Gupta explains that for brands, this approach establishes the feeling of connection and positions them more as a friend and guide than just as a company trying to sell products to the consumer. That makes sense when you consider that YouTube is one of the most trusted sources of information for today’s makeup buyer. And trust and intimacy — those are the things repeat business is made of. Which is why many brands are shifting their thinking on non-TV video from less of a traditional advertising tool and more toward an opportunity for engagement, a place to have an ongoing conversation with their audience.
“It has become a tentpole of our social media strategy,” says Claudia Allwood, senior director, creative and content strategy for Benefit Cosmetics, one of the early adopters of social video (if you can pinpoint such a thing in this landscape). When the brand’s Thursday unscripted, mistakes-and-all Facebook Live series “Tipsy Tricks” debuted, its first streams got 43,000 views, and one episode called “Complexion Perfection” that broadcast in October got 230,700 views. The show, which features a rotating cast of alcohol-sipping hosts showing off a makeup trick or Benefit product, is as helpful as it is silly — a common mark of a successful series.

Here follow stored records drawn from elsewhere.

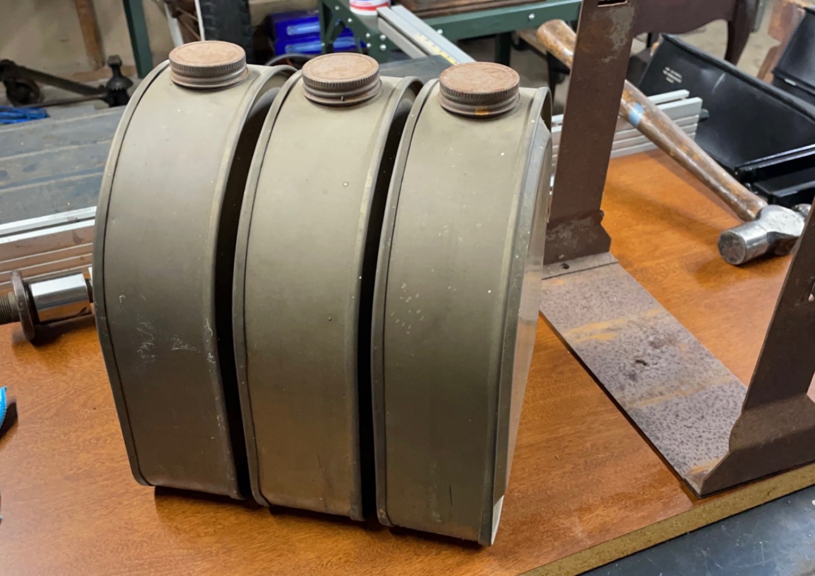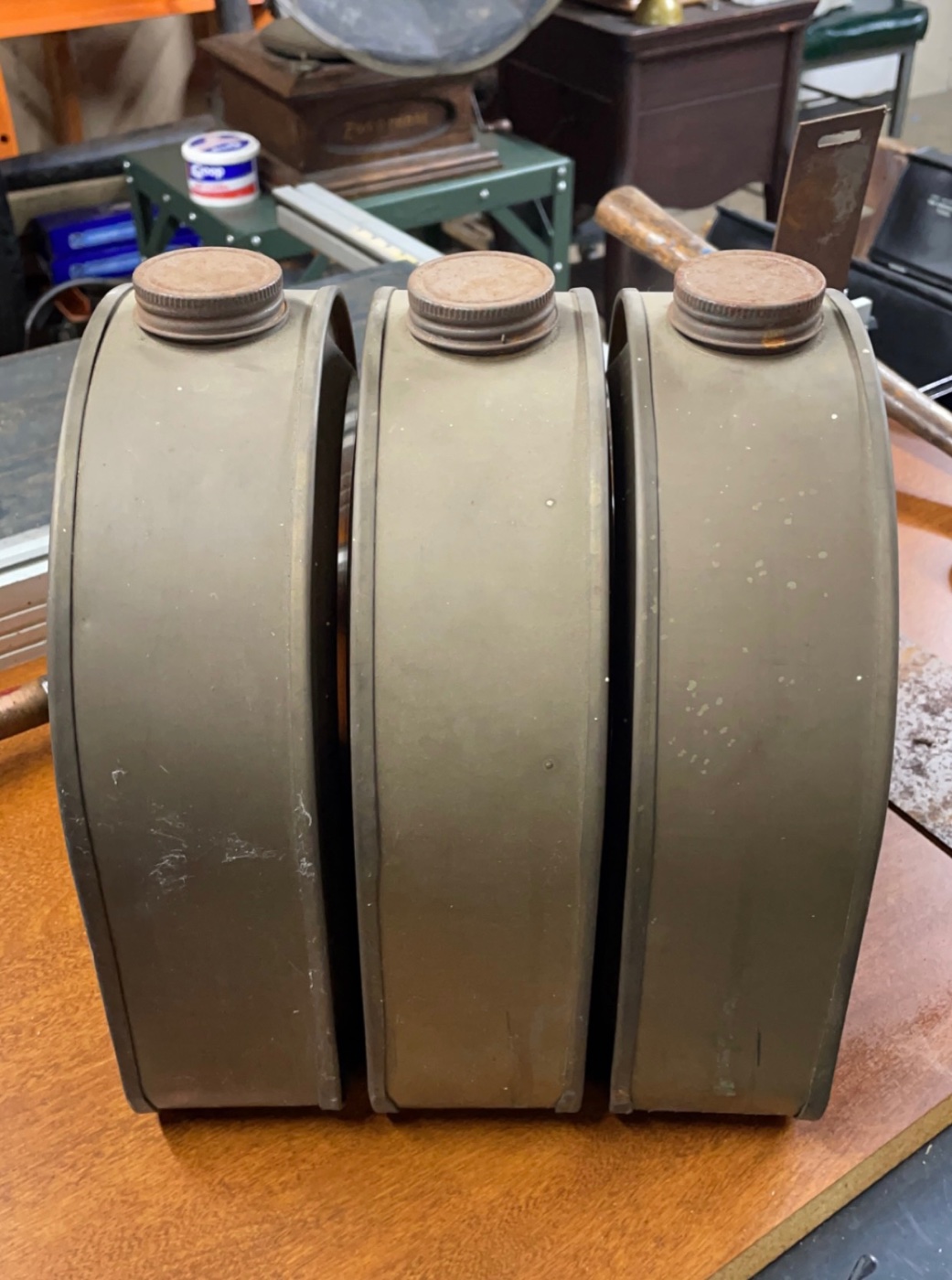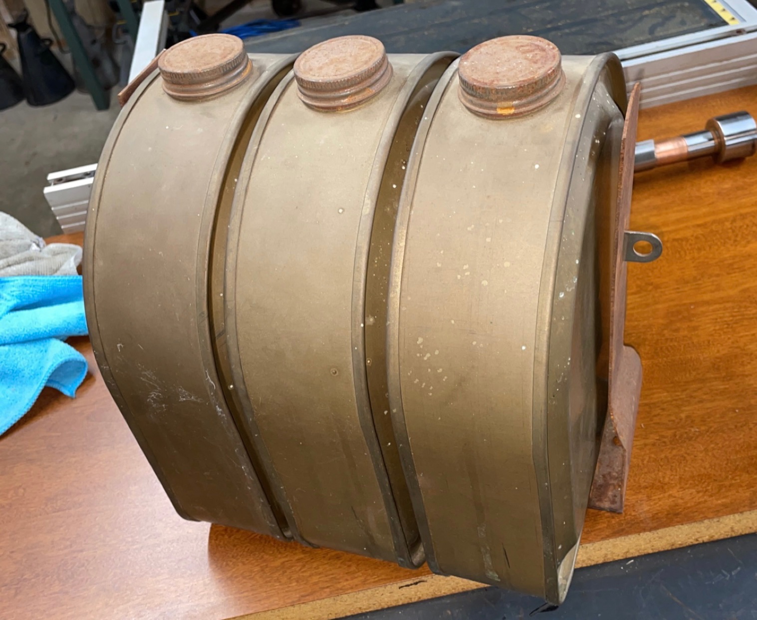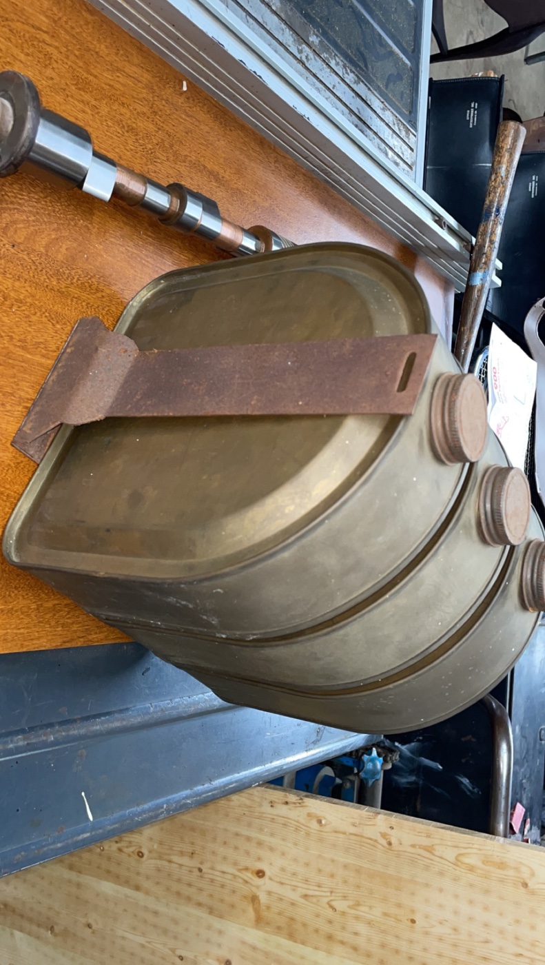 Here is a set of never used, older reproduction Boyco cans, made of Brass! Carrier is missing the top that holds the cans in place by the caps. Easily made to your liking. The cans look as though they must be soldered and pressure tested before using. These are hard to find and no longer reproduced.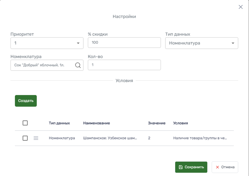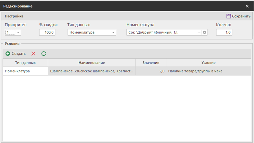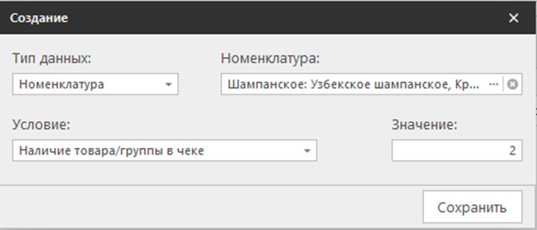 Новое условие добавляется с помощью кнопки Создать. Добавьте новое условие: укажите номенклатуру «Шампанское» и установите условие наличия в чеке двух бутылок шампанского.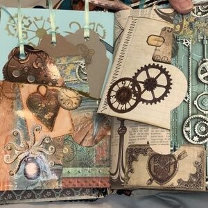 This one-of-a-kind hand crafted Steampunk Mermaid themed junk journal consists of 40 interior pages plus 2 inside covers, adorned with tuck pockets, mini envelopes, hang tags/bookmarks, mini booklets with blank writing pages inside, mini file folder, and coordinating ephemera. The spine is decorated with miscellaneous ribbon, lace and strings, including a strand of multi-colored beads, a beaded tassel, and a steampunk charm. The journal measures 6 inches wide by 8 1/2 inches tall by 5 inches deep and closes with a secure black ribbon tie.
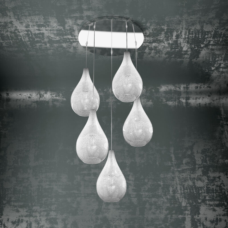 Collezione Drop AGGIUNGI UN TOCCO DI ELEGANZA SOSPESA Sospensione dal rosone tondo composta da struttura e rosone in metallo di colore cromo e da 3 gocce in vetro soffiato in finitura graniglia.. Le finiture Cromo e Rame sono trattamenti superficiali che riducono solo parzialmente l'emissione luminosa creando delle trasparenze e degli effetti che rendono l'ambiente circostante rilassante e sofisticato. La finitura graniglia è realizzata mediante l'applicazione di granuli di vetro sul vetro trasparente che, una volta illuminato, lo rendono brillante. Le strutture in metallo sono cromate. All'interno di ciascuna confezione verrà fornita un adattatore da E14 ad E27 che permetterà l'installazione di lampadine con attacco E27. Il prodotto è disponibile anche nei colori della struttura in Ottone Satinato e Bianco e in finitura del vetro soffiato cromo. Il prodotto è disponibile anche con 8 gocce di vetro soffiato in tutte le finiture esistenti.Questo articolo è disponibile in diverse

And Georgie Greville, cofounder of Milk Makeup, factors it into the line’s fast success. In its short life, the one-year-old brand quickly spread through Sephora stores and recently announced it’s received backing by the private equity firm Main Post Partners. The brand came out the gate with a quirky “Looks” video series of fast-paced how-tos with fun graphics to set the tone for the brand. For a fledgling line, Greville calls the medium crucial. “It lets you in the minds and hearts of a brand like no other medium and helps you both educate and connect to your audience in a multidimensional, visceral way.”
That could help explain why so many of these successful video series are how-tos. They are, after all, one of the major reasons Facebook IQ’s recent report cited for people seeking out social media in the first place. Helping people know how to use your products help to ensure they actually use them.
What we can expect to see more of from here? Live broadcasts. According to Facebook, people spend three times longer watching a live video than one that is no longer live and comment 10 times more than on regular ones. Any of you old enough to remember “Must-See TV” from the ‘90s gets what’s happening there — watching something unfold at a specific time with the rest of the world feels like an event, the way, say, the Super Bowl does to sports fans. And, Gupta says, the goal remains for the content to feel “easy, natural. and personal” in the hopes that that will translate into a larger feeling of community. As for those still looking to get started, here’s his advice: “Overall, be original, and keep it short, vertical, in snippets, edgy, and personal.” The next move to think about? Perfecting graphics. Gupta says that increasingly, “it’s best to assume people watching your video have the sound switched off.”